Pour finir, autrefois l’entretien et l’organisation du cimetière sont une des missions des communes. Hors c’est un service coûteux, qui nécessite de la main d’œuvre, les communes peinent déjà financièrement à s’occuper de cette gestion. Pour désengorger certains cimetières, une des solutions serait la création de nouveaux cimetières ou l’expansion de ceux existants. Mais cette démarche serait trop onéreuse d’autant qu’elle dépend du foncier.
Quelles solutions sont envisagées pour faire face à la pénurie de concessions ?
La première solution et la plus évidente serait d’agrandir, voire d’ouvrir de nouveaux cimetières. C’est une solution qui fonctionne dans certaines petites communes. Mais cette solution n’est pas accessible aux grandes villes, et n’est pas très pérenne.
Depuis 1996, aucune municipalité en France n’accorde de concession perpétuelle. Les proches des défunts doivent donc louer les espaces funéraires pour des durées limitées. Les concessions sont désormais de 10 ans, 30 ans ou 50 ans. C’est une solution qui permet, petit à petit, de récupérer les concessions déjà occupées dans les cimetières.
En 2020, une vaste initiative a été lancée dans les cimetières historiques de Paris. Son but d’identifier et de remettre en état les concessions abandonnées. Cette démarche implique une procédure étendue de reprise des concessions à perpétuité. Au cours des trois ans, plusieurs familles ont reçues des notifications d’abandon. En l’absence de réponse, une liste des concessions concernées est soumise à un processus administratif de reprise. Celui-ci est ensuite publiée dans le Bulletin officiel.

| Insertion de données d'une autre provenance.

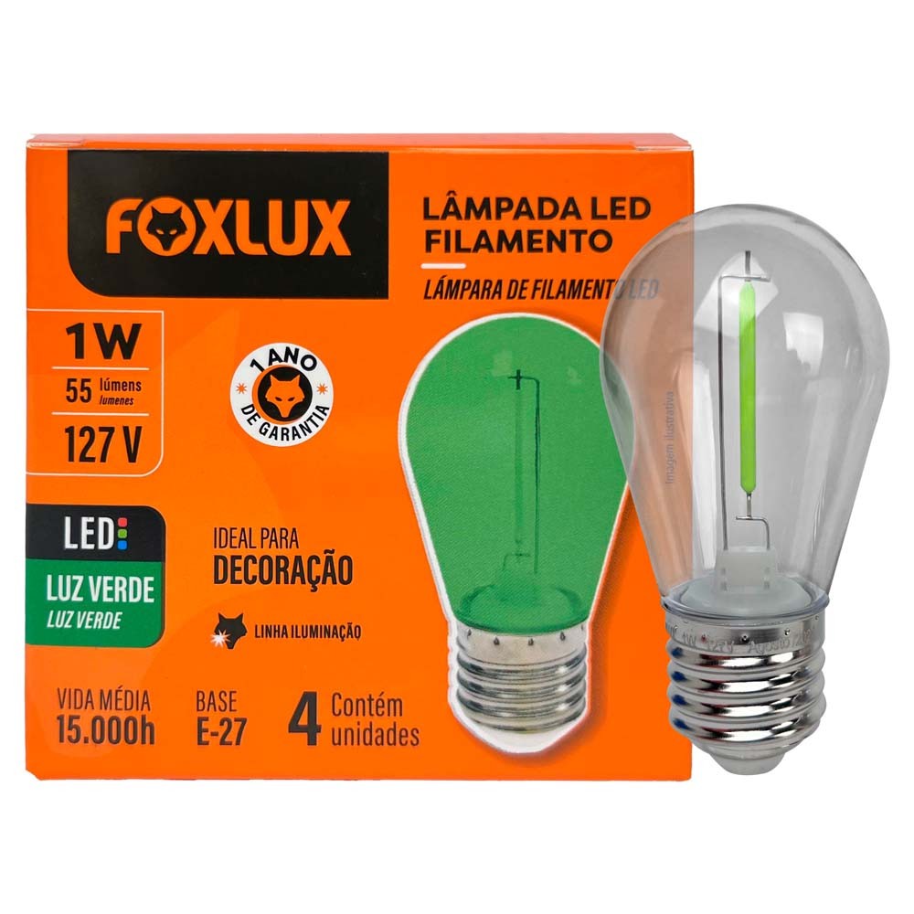 Lâmpada LED Filamento Foxlux 4 Un Verde 1W E-27 127V | iluminação temática, estilo retrô

Les responsables des sépultures de la Ville de Paris peuvent alors exhumer les restes mortels. Ils sont ensuite déposés dans l’ossuaire de Paris en fonction de leur cimetière d’origine. Dans les cas où ces concessions comprennent des monuments historiques, des marbriers restaurent les structures. Elles sont ensuite transformées en columbariums ou accueillent plusieurs caveaux avec des concessions de trente ans.

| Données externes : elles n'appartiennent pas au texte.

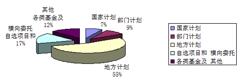 | 年度 | 总计 | 国家计划 | 部门计划 | 地方计划 | 自选项目和 横向委托 | 各类基金及 其他 | |||||

La dernière solution trouvée est la mise en place d’un double accompagnement des communes par le SIFUREP (Syndicat funéraire intercommunal funéraire de la région parisienne). Le Syndicat propose à la fois la mise à disposition d’une centrale d’achat pour faciliter un accès plus égalitaire. Et à la fois il offre une assistance juridique pour permettre aux communes de mieux gérer leurs cimetières. En effet, certaines communes se retrouvent face à la peur d’avoir des contentieux avec les ayants-droits. L’enjeu de cet accompagnement est principalement d’aider les communes dans la reprise de concession. L’objectif esr de leur permettre d’avoir toujours des concessions libres, qui est de surcroit une obligation de leur part.